Stocks on Wall Street declined sharply on Friday and bond prices soared after a speech by President Obama on jobs added to the uncertainty already weighing on financial markets over European sovereign debt and the weak economic recovery. ...
...Paul Ballew, a former Federal Reserve economist and now chief economist at Nationwide, said short-term interest rates in Greece were reflecting increased uncertainty in Europe as well as speculation over whether there would be adequate restructuring in that nation’s economy to address its problems.
There was also evidence of a flight to safety among investors, in which they shed stocks for bonds.

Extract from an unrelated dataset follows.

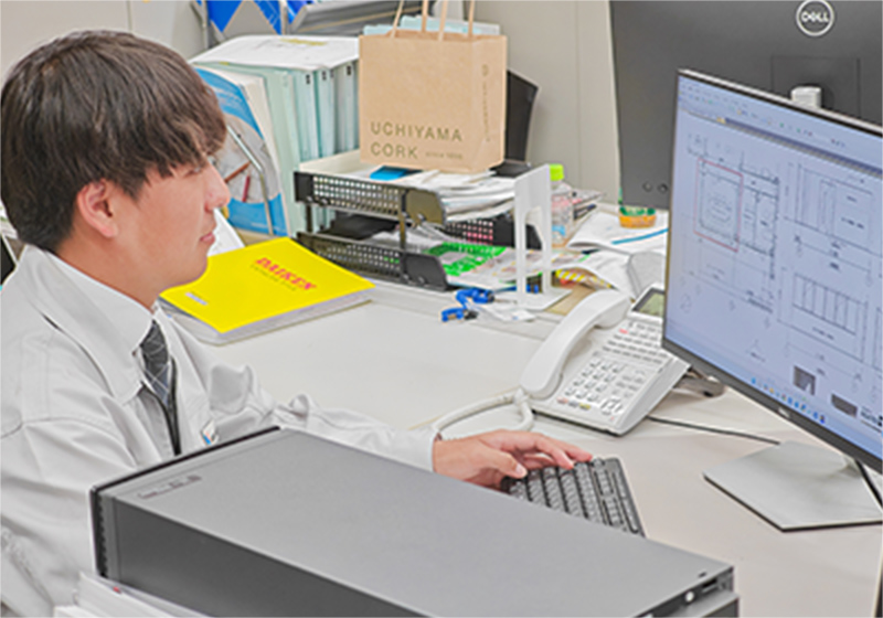 現在は、入社してから取り組んでいる取引先の図面を書いています。現場を経験した方がよいと思い、品質管理なども担当しています。設計業務は営業からの案件を引き継いで営業と一緒にお客さんと打ち合わせして建物の設計図を仕上げていきます。取引先と打ち合わせの資料を準備することや行政に出す書類提出などもあります。

Yields on Germany’s 10-year bonds declined, and the United States Treasury’s 10-year note yield fell to 1.93 percent, from 1.98 percent late Thursday, after touching a low of 1.89 percent. “Issue number two is the continued anxiety in the United States that the recovery continues to stall, and that we will not be getting growth as strong as we would need in terms of corporate profits,” said Mr. Ballew.
The fall in the markets is not about Obama but about Congress.
“Even yesterday’s speech raises questions of whether there will be support for fiscal policy,” he said about the president’s jobs address. ...Mr. Ballew said that questions persisted about how much of the proposal would pass. ...NYT
The Economist believes that "most likely, Republicans will cherry pick and pass the parts they like, such as free-trade deals," and "the odds that Mr Obama and Republicans can overcome their gaping differences in less than three months seem long indeed."
Markets in the US have been down more than 300 points today and are, at this writing, pulling up a bit.